Materials and methods: Immunohistochemistry was performed to analyze the expression of FRMPD1 in lung cancer tissues, and statistical analysis was applied to analyze the relationship between FRMPD1 expression and clinicopathological factors. The biological effects of FRMPD1 on lung cancer cell proliferation and invasion were determined by functional experiments both in vivo and in vitro. Immunoblotting, RT-qPCR, dual-luciferase assay, and immunofluorescence were performed to demonstrate whether FRMPD1 stimulates Hippo signaling. Co-immunoprecipitation assays were used to clarify the underlying role of FRMPD1 in Hippo pathway activation via interaction with WW and C2 domain containing protein-3 (WWC3).
Results: We found that FRMPD1 expression in lung cancer specimens was lower than that in normal bronchial epithelium and normal submucosal glands. FRMPD1 expression had a negative correlation with age, Tumor-Node-Metastasis (TNM) stage, lymph node metastasis, as well as poor prognosis. Moreover, ectopic expression of FRMPD1 significantly inhibited the proliferation and invasion of lung cancer cells, and inhibition of FRMPD1 expression led to opposite effects. Mechanistically, we found that FRMPD1 interacted with the C-terminal PDZ binding motif of WWC3 via its PSD95/DLG/ZO1 (PDZ) domain and promoted the phosphorylation of large tumor suppressor-1 (LATS1), thus inhibiting the nuclear translocation of yes-associated protein (YAP).
Conclusion: FRMPD1 could activate the Hippo pathway and ultimately inhibit the malignant behavior of lung cancer cells through its interaction with WWC3. This work will provide an important experimental basis for the discovery of novel biomarkers of lung cancer and the development of targeted drugs.

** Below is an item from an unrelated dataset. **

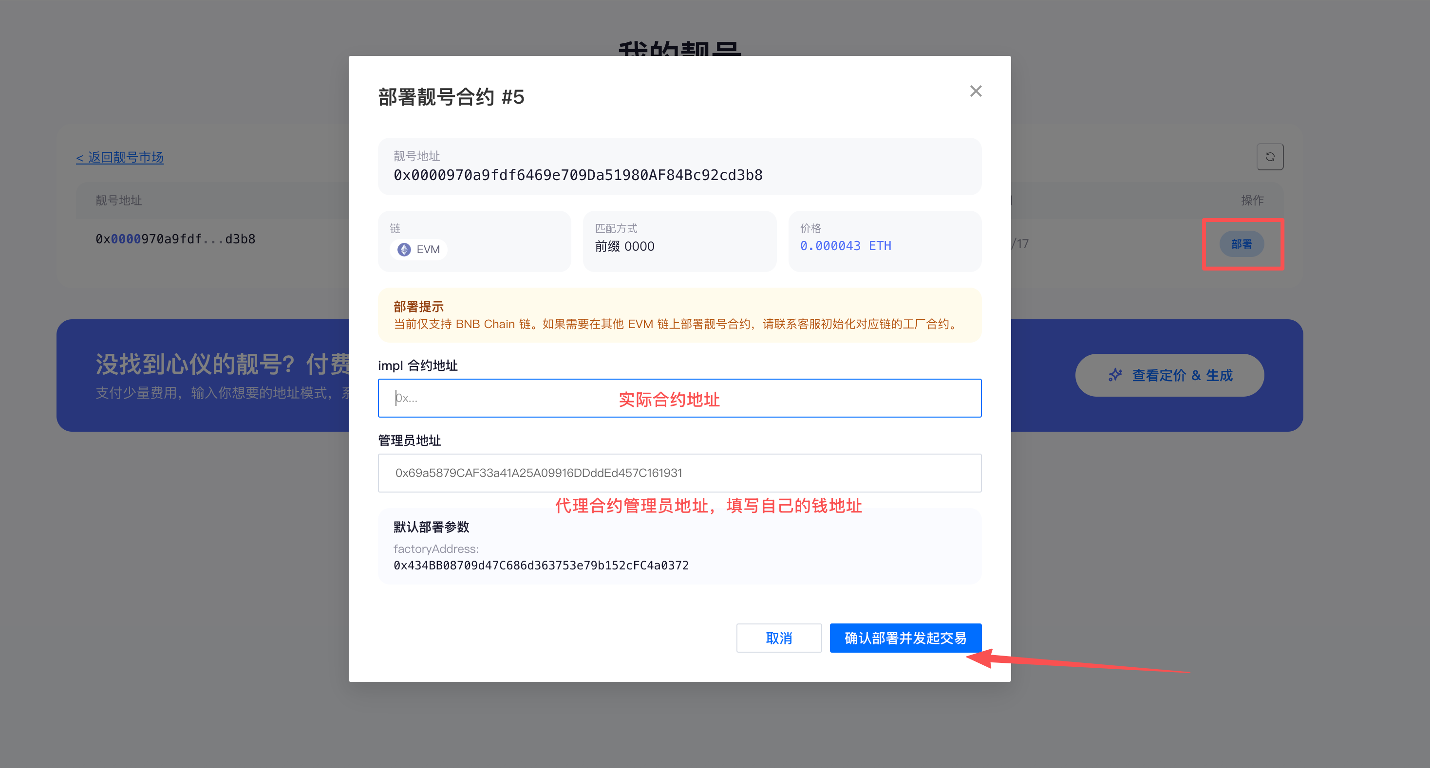 Go to the CPBOX Vanity Contract Address Marketplace, choose the vanity contract address you want to purchase or the custom vanity address you want to create.

Keywords: FRMPD1, Hippo pathway, LATS1, NSCLC, WWC3

Introduction

The Hippo pathway, first discovered in Drosophila melanogaster, is highly conserved across species.1 This pathway regulates not only organ size but also cell proliferation, differentiation, and apoptosis.2,3 In recent years, increasing attention has been focused on the relationship between the Hippo pathway and the proliferation, invasion, and metastasis of tumor cells.4 The Hippo pathway includes upstream molecules (Fat, NF2, WWCs, AMOT, etc.), central kinase complex (MST1/2-WW45-LATS1/2-MOB), downstream effector molecules, yes-associated-protein (YAP), and the target genes of the Hippo pathway, including connective tissue growth factor (CTGF), CyclinE, and DIAP. When the Hippo pathway is activated, the MST1/2-LATS1/2 kinase complex undergoes cascade phosphorylation, which promotes the phosphorylation of YAP (p-YAP). The p-YAP remains in the cytoplasm, where it binds to the 14-3-3 protein and degrades it through the ubiquitin-proteasome pathway. When the Hippo pathway is inhibited, the non-phosphorylated YAP binds to the transcriptional factor TEADs (TEA-domain transcription factors) and promotes the transcriptional activity of its target genes, including CTGF, CyclinE, and CYR61, thereby enhancing the proliferation and invasion of tumor cells.57

WWC3 is one of the three members of the WWC protein family (WWC1, WWC2, and WWC3); all the members of this family share similar protein structures, including an N-terminal dual WW domain (which binds to the PPxY motif), C2 domain in the central part, and a C-terminal PDZ domain binding motif.8,9 Our previous study confirmed that WWC3 can regulate the activity of both the Wnt and Hippo pathways by interacting with DVLs and LATS1 to inhibit the proliferation, invasion, and metastasis of lung cancer cells.10 FRMPD1, also called FRMD2, belongs to the FERM family (FERM-domain-containing proteins).11,12 FRMPD1 is located on the 9p13.2 position of chromosome 9. The full length of this gene is 4731 bp, and the molecular weight of the FRMPD1 protein is 169 kDa (GenBank® accession number NM_014907.2). The main domains include the FERM domain (Leu177-Phe401) and the PDZ domain (Gln67-Thr135).13 Current research available on the FERM family is mainly focused on the FRMD6 protein. For example, in Drosophila melanogaster, FRMD6 binds to the C-terminal of Merlin, an upstream protein of the Hippo pathway, via its FERM domain, thereby promoting the Hippo pathway, retaining Yki in the cytoplasm, and in turn, regulating organ sizes in Drosophila melanogaster.1416 In addition, overexpression of FRMD6 in the YAP-induced MCF-10A cell line of normal ductal epithelial cells of human breast can activate the Hippo pathway, inhibit the epithelial-mesenchymal transition induced by the nuclear translocation of YAP, and ultimately, inhibit the malignant progression of cancer cells.17 To date, the expression of FRMPD1 in human malignant tumors and the association between FRMPD1 and the Hippo pathway have not been reported.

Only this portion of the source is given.